31 Md. 21, 1869 Md. LEXIS 74
CourtCourt of Appeals of Maryland
DecidedJune 16, 1869
StatusPublished
Cited by10 cases

This text of 31 Md. 21 (Gunther v. State ex rel. Bouldin) is published on Counsel Stack Legal Research, covering Court of Appeals of Maryland primary law. Counsel Stack provides free access to over 12 million legal documents including statutes, case law, regulations, and constitutions.

Bluebook
Gunther v. State ex rel. Bouldin, 31 Md. 21, 1869 Md. LEXIS 74 (Md. 1869).

Opinion

Miller, J.,

delivered the opinion of the Court.

The Orphans’ Courts of the State have unquestioned jurisdiction to appoint guardians to minors, and when they have in any instance exercised this power, and the guardian has given bond, it does not lie in his mouth or in the. mouths of his sureties to deny that he is guardian, or to aver the ward had no property subject to guardianship, even if the having of. property be essential to the validity of the appointment. Fridge vs. The State, use of Kish, 3 G. & J., 114, is conclusive authority for this proposition. To this extent the sureties are clearly bound by the recital in the bond. But the appellants assert the further proposition that as sureties they are not responsible for any property their principal may have received as [29]*29guardian without competent legal authority, and to which the w'ard had no title or claim during his minority. To the position thus broadly stated no valid objection can be made, for it is a principle too well settled to admit of question that the liability of a surety cannot be extended beyond the terms of the engagement into which he has entered. As against him the contract cannot be carried beyond its strict letter; it cannot be extended by equitable construction or implication. Chase vs. McDonald & Ridgely, 7 H. & J., 193; Strawbridge vs. Balt. & Ohio R. R. Co., 14 Md., 366.

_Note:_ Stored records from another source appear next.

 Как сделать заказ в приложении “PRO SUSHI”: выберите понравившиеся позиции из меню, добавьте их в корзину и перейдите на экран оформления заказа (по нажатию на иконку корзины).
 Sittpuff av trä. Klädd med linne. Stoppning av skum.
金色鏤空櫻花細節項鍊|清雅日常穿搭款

This presents the inquiry, was the money for which the appellants deny their responsibility lawfully placed in the hands of their principal? And this depends upon the further question, had the Orphans’ Court jurisdiction and authority to pass the order of the 4th of February, 1867, empowering the administrator c. t. a. to transfer to the guardian of the legatee the legacy of $2,000 bequeathed by Watchman’s will to his adopted son, in case he attained the age of twenty-one years? By the terms of the will the legacy was clearly contingent, and to be paid to the legatee only in the event of his attaining majority. It was a case, therefore, in which the duty of the administrator and the authority of the Court are pointed out and prescribed by the 10th section of the 93d Article of the Code, which provides that:

“ Whenever, under the provisions of a will, it shall be necessary for an executor or administrator cum testamento annexo to retain in his hands the personal estate, or any part thereof, or where money or some other thing is directed to be paid at a distant period or upon a contingency, atiy Court of Equity in the city or county, or the Orphans’ Court, shall have the power, on the application of such executor or administrator, or of a party interested, to decree or give directions thereto; and it shall be the duty of such executor or administrator to apply to the said [30]*30Court of Equity or the Orphans’ Court, and the said Courts respectively shall have full power to decree or direct what part of the personal estate shall be retained or appropriated for the purpose, and in what manner it shall he disposed of and the legacy or benefit intended by the will shall be secured to the person to be entitled at a future period or contingency, and how the necessary part of the personal estate to be appropriated for the purpose shall be prevented from lying dead or being unproductive, and how it shall be applied agreeably to the intent of the will or the construction of law in case the contingency shall not take place.”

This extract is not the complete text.